# Problem description:
Each line starting at the one that contains "Full bore ball" and ending at the one that contains "Moon Freeze Dried" must be returned exactly, and the rest of the listing is left out.

# Dataset records:
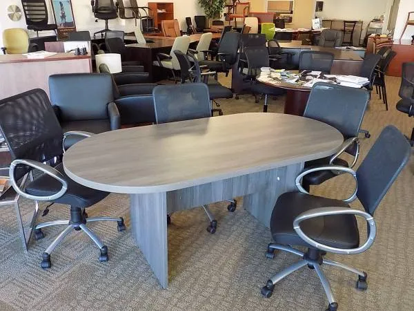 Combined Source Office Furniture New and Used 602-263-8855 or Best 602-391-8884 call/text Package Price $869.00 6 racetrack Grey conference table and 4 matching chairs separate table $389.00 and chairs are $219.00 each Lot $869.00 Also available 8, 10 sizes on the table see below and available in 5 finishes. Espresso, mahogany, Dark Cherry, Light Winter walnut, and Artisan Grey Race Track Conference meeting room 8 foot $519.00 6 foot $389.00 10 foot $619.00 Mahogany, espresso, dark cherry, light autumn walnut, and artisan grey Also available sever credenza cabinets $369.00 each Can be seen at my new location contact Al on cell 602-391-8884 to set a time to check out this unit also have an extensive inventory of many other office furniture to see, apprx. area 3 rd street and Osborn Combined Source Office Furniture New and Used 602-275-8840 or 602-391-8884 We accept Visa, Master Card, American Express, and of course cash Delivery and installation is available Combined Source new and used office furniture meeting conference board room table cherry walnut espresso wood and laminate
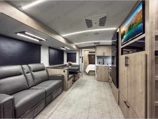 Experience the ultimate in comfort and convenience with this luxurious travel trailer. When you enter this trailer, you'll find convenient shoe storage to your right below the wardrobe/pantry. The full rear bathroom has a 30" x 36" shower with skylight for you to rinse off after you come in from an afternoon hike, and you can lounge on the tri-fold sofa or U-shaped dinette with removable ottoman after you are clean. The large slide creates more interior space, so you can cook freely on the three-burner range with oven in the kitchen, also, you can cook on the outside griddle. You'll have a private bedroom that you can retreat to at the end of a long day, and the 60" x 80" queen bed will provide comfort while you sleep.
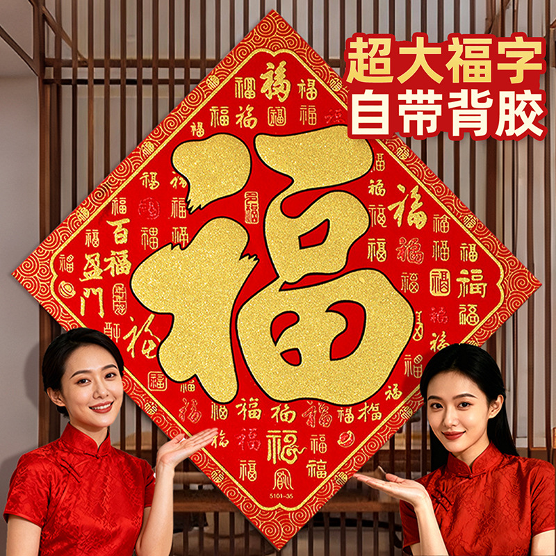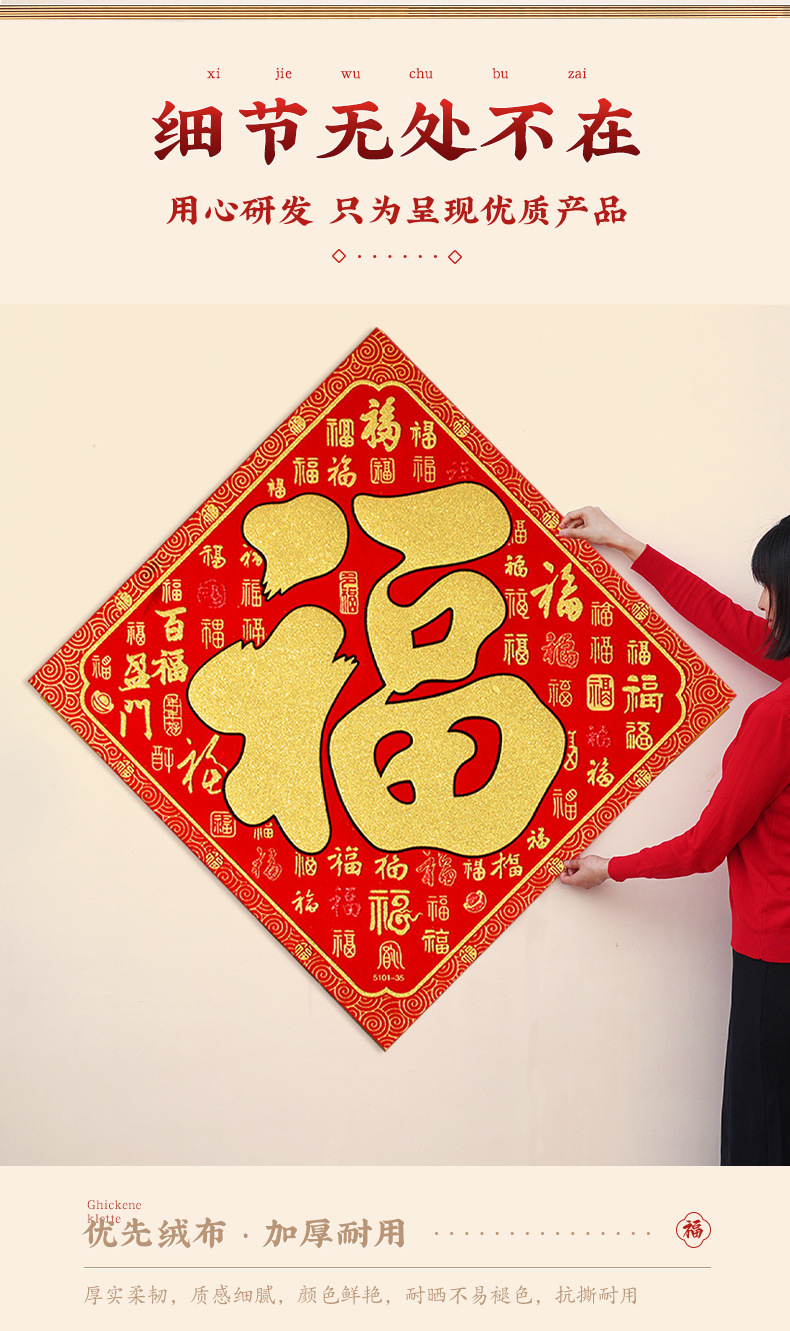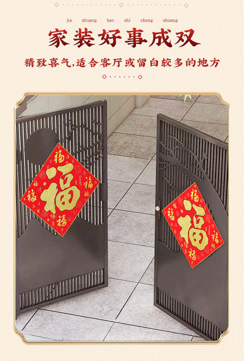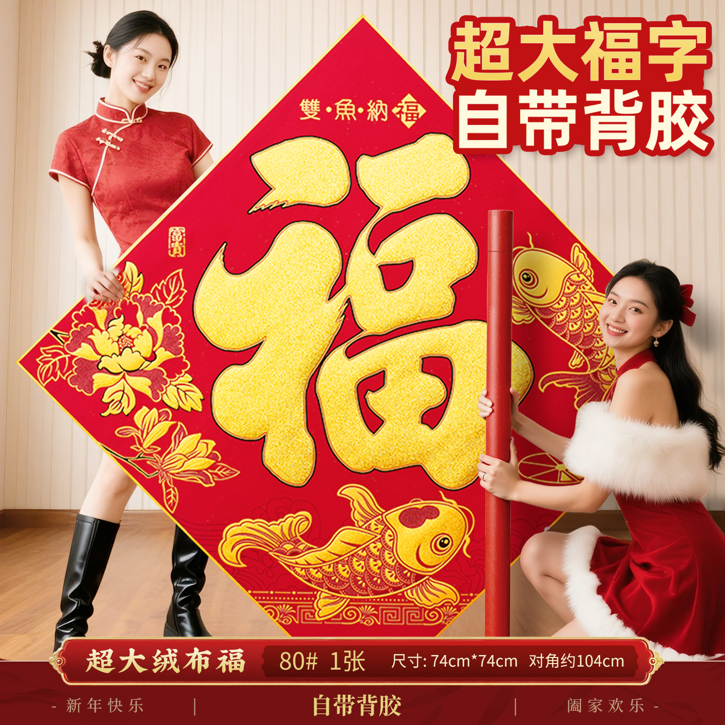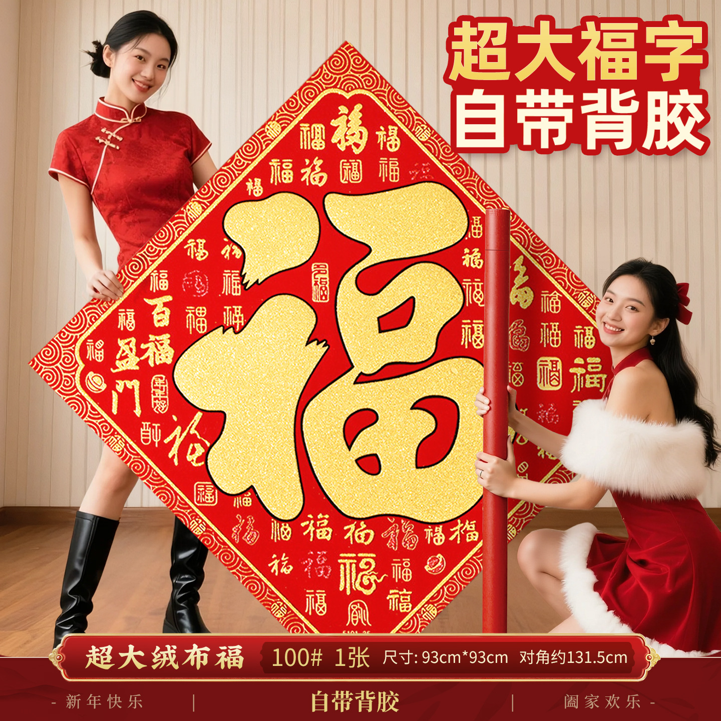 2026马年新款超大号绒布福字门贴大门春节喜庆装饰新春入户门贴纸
...
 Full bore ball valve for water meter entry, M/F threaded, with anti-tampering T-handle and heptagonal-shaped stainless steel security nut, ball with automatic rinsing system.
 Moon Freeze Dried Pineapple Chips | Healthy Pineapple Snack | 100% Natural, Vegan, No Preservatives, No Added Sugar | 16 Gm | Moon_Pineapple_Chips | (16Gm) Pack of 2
* * *
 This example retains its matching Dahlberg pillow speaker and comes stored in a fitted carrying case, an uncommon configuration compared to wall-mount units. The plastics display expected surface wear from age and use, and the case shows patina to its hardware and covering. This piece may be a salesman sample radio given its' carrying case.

# Solution:
 Full bore ball valve for water meter entry, M/F threaded, with anti-tampering T-handle and heptagonal-shaped stainless steel security nut, ball with automatic rinsing system.
 Moon Freeze Dried Pineapple Chips | Healthy Pineapple Snack | 100% Natural, Vegan, No Preservatives, No Added Sugar | 16 Gm | Moon_Pineapple_Chips | (16Gm) Pack of 2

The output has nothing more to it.